There was a terrific article on TK in a recent issue of Wine Spectator (at least I think it was Wine Spectator).  It was a surprisingly intimate profile

Also really enjoy Greystone, beautiful property.  Have had quite a few dinners there over the years, some excellent, some just ok.   Regardless always look forward to a return trip.  

Its been quite a while since we've made it to Napa and this type of event makes me miss it even more!

----------


## bto

susanne, we just got back from a trip to napa and the california coast...first trip to napa...loved it.  didn't do FL though...maybe next time.

----------


## JEK

August Men's Journal has an article about TK and the 5 dishes every man should know how to make.

----------


## GramChop

beautiful photo, bev!

----------


## GramChop

> August Men's Journal has an article about TK and the *5 dishes every man should know how to make*.



do share, pops!!!!

----------


## andynap

> Originally Posted by JEK
> 
> August Men's Journal has an article about TK and the *5 dishes every man should know how to make*.
> 
> 
> 
> do share, pops!!!!




It says men- you have a sex change? LOL

----------


## GramChop

> Originally Posted by gramchop
> 
> 
> 
> 
> 
> 
> 
>  Originally Posted by JEK
> ...



you ARE a funny one, andy!!!  

you never know when i might have the opportunity to be wined and dined by a man again and i want to know that he knows how to cook at least five things!

----------


## amyb

Bev-this brought back tons of happy Napa and Sonoma trip memories. Phil and I are making a concerted effort to lower the inventory of his wine cellar and we are starting to think of our next California trip. Thanks for reminding me how great a vacation destination that has been.

----------


## JEK

It's always the ones who are insecure in their masculinity that make these "jokes".

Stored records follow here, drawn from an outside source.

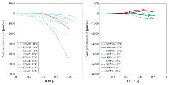 - Delsaute, B.; Staquet, S. Decoupling Thermal and Autogenous Strain of Concretes with Different Water/Cement Ratios During the Hardening Process. Adv. Civ. Eng. Mater. 2017, 6, 20160063. [Google Scholar] [CrossRef]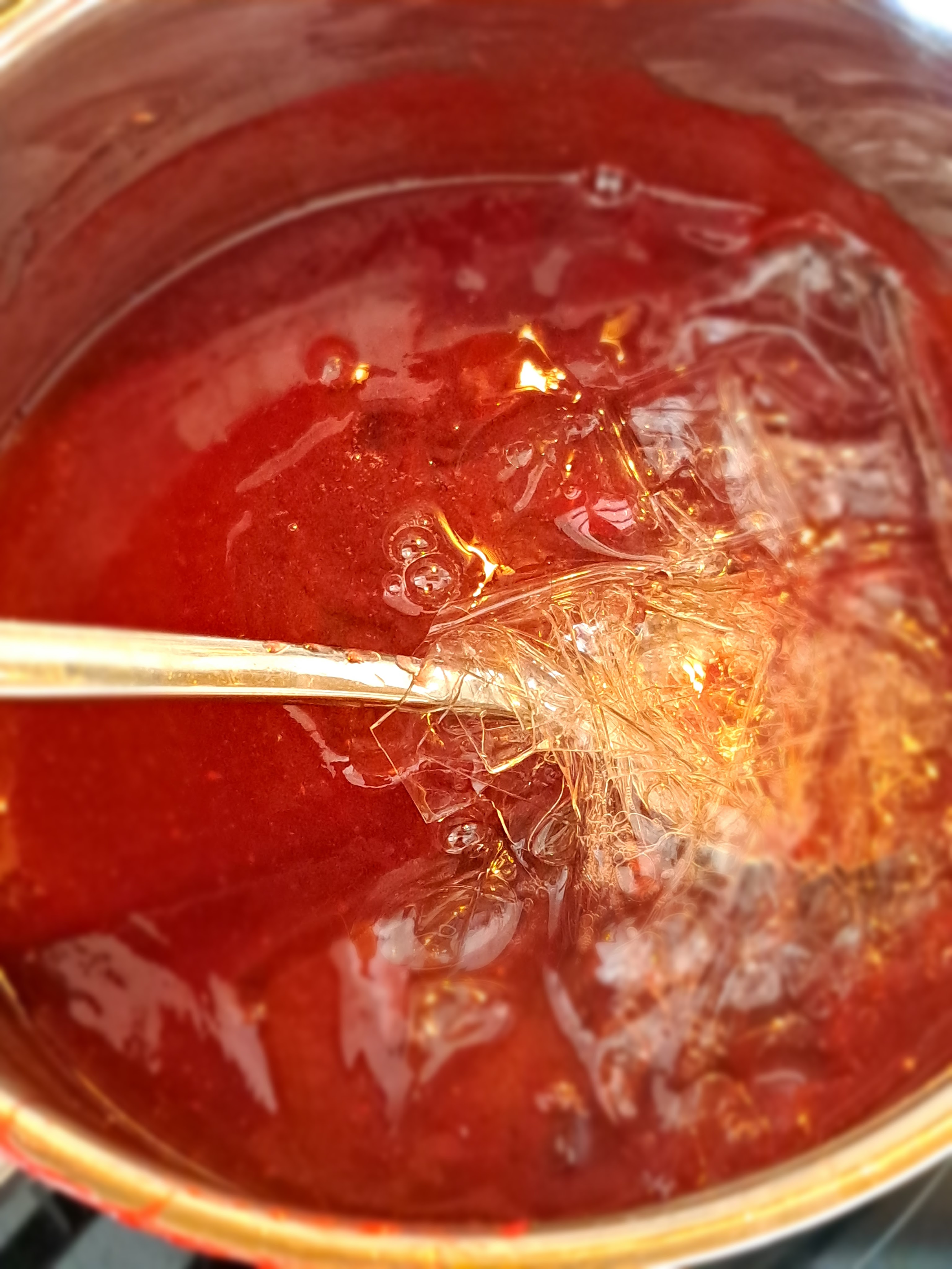 Не позволявам пюрето да завира. Изключвам котлона, изтисквам желатина от водата и го добавям към горещото пюре. Бъркам до пълното му разтопяване. После отделям от печката на хладно място, докато се охлади и леко започне да стяга по стените на съда. Един съвет: ако не Ви се чака, просто го прехвърлете в друг студен съд, за да спестите от времето за охлаждане.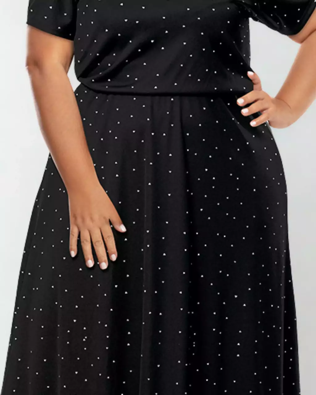 A estampa Poá em preto e branco permite combinações versáteis com acessórios e calçados. Use com salto e joias para eventos formais ou com sandálias e acessórios discretos para ocasiões mais casuais.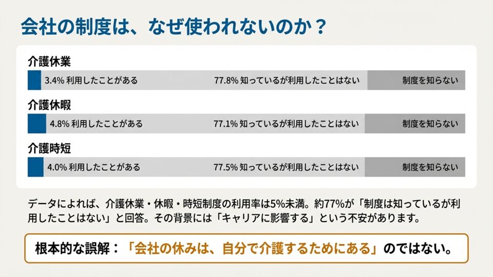 介護のために会社を休む制度を使っている人は、実は5%未満と非常に少ないのが現実です 。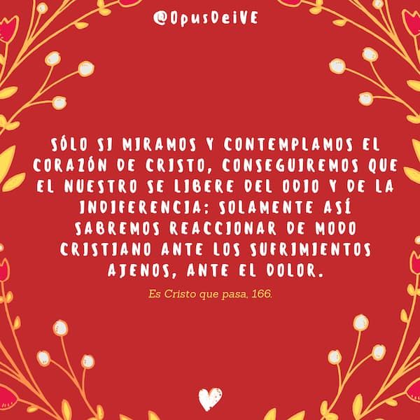 Especialmente, en estos momentos, recomiendo acudir al corazón de Cristo, en el «...encuentra paz quien está angustiado por las penas de la existencia; encuentra alivio quien se ve afligido por el sufrimiento y la enfermedad; siente alegría quien se ve oprimido por la incertidumbre y la angustia, porque el corazón de Cristo es abismo de consuelo y de amor para quien recurre a Él con confianza». (Audiencia general. Julio de 2003. Miércoles 2 de julio de 2003 Discurso a los alumnos del Seminario Romano Mayor. Marzo 2003).

His chicken, his rack of lamb, his special pork and beans, his bavette in butter and his BLT.

----------


## CREGGERS

I bet I could go toe to toe with him on the homemade baked beans   :Wink:  





> It's always the ones who are insecure in their masculinity that make these "jokes".
> 
> His chicken, his rack of lamb, his special pork and beans, his bavette in butter and his BLT.

----------


## JEK

I can't find the recipe online, but it calls for heirloom Borlotti beans.

----------


## CREGGERS

you got me there, I don't even know what they are.
Post the recipe if you can dig it up I'd love to check it out.
What does his BLT have on it ?




> I can't find the recipe online, but it calls for heirloom Borlotti beans.

----------


## andynap

> I can't find the recipe online, but it calls for heirloom Borlotti beans.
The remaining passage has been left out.